- Directed by: Russ Meyer
- Written by: Russ Meyer Jack Moran
- Starring: Alaina Capri
- Music by: Igo Kantor
- Release date: 1967;
- Running time: 78 min.
- Country: United States
- Language: English

= Good Morning and... Goodbye! =

1967 film by Russ Meyer

Good Morning and... Goodbye! is a 1967 American exploitation film directed by Russ Meyer. It features Alaina Capri, Karen Ciral, as well as Meyer regular Jack Moran, who co-wrote the script.

==Plot==
In a country town, farmer Burt is married to the much younger Angel but cannot satisfy her sexually. Angel has an affair with a construction worker, Stone. Lana is Burt's 17 year old daughter to another woman. She tries to seduce Ray but he is more interested in Angel, so Lana winds up with Stone. Burt meets a sorceress in the forest who rejuvenates his sexual drive, leading him to be reunited with Angel. Lana winds up with Ray. Stone is beaten up by the husband of one of his earlier conquests.

==Cast==
- Alaina Capri as Angel
- Stuart Lancaster as Burt
- Pat Wright as Stone
- Haji as The Catalyst
- Karen Ciral as Lana
- Don Johnson as Ray
- Tom Howland as Herb
- Megan Timothy as Lottie
- Toby Adler as Betty
- Sylvia Tedemar as Go-go dancer
- Cara Peters as Nude opening runner

==Production==
The cast included regular Meyer actress, Haji, who recalled:
I did all my own costuming. I got up hours ahead of time to put those costumes together. I would just go out with a big bag and collect rose petals! I was late one morning for breakfast, and Russ -- he would sit at the head of the table -- he said, "Where were you?!" I shook the bag and said, "I was in the woods cutting down my costume!" I'd tape rose petals in my hair, on my breasts, and between my legs, and that would be my costume. I glued dead bugs on my cheeks and put green sticks and moss in my hair.

==Reception==
The New York Times reviewed a Meyer film for the first time. It said Meyer "makes his points to the point of redundancy."

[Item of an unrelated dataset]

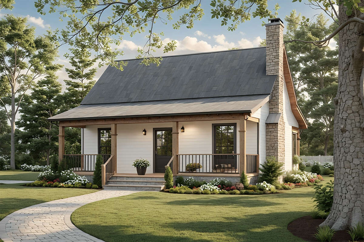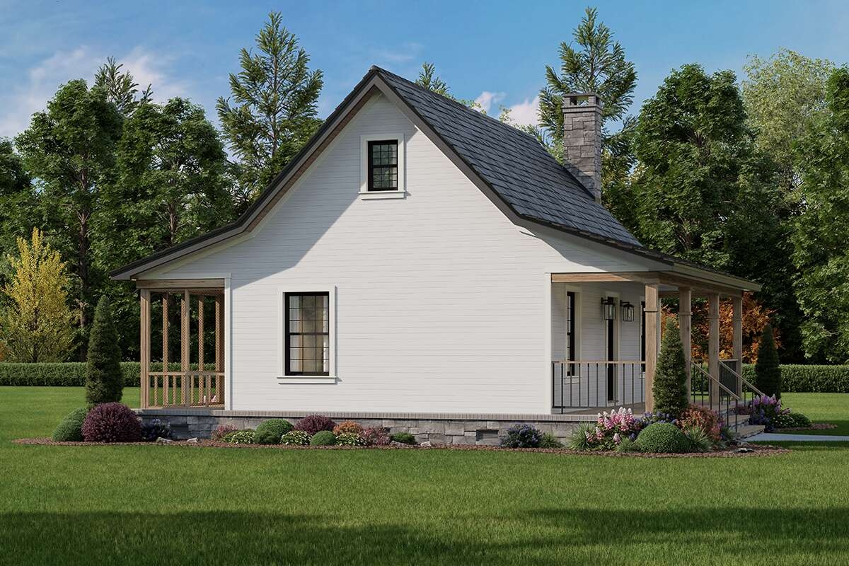 This 600-square-foot modern farmhouse cottage shows how thoughtful design can deliver comfort, style, and flexibility in a small footprint. With an open living core, a restful bedroom, a full bath, and a porch that acts like a second room, it lives larger than its numbers. Whether you’re building a primary home, a guest house, or a cozy retreat, this plan proves that small and smart is a beautiful combination.

Roger Ebert later wrote that the film, along with Common Law Cabin, was "not among Meyer's best later work. The plots are too diffuse to maintain dramatic tension, the acting is indifferent, and there is an uncharacteristic amount of aimless dialogue. In retrospect, however, these films can be seen as Meyer's gradual disengagement from plot."

The ban of this film in Chicago was overruled.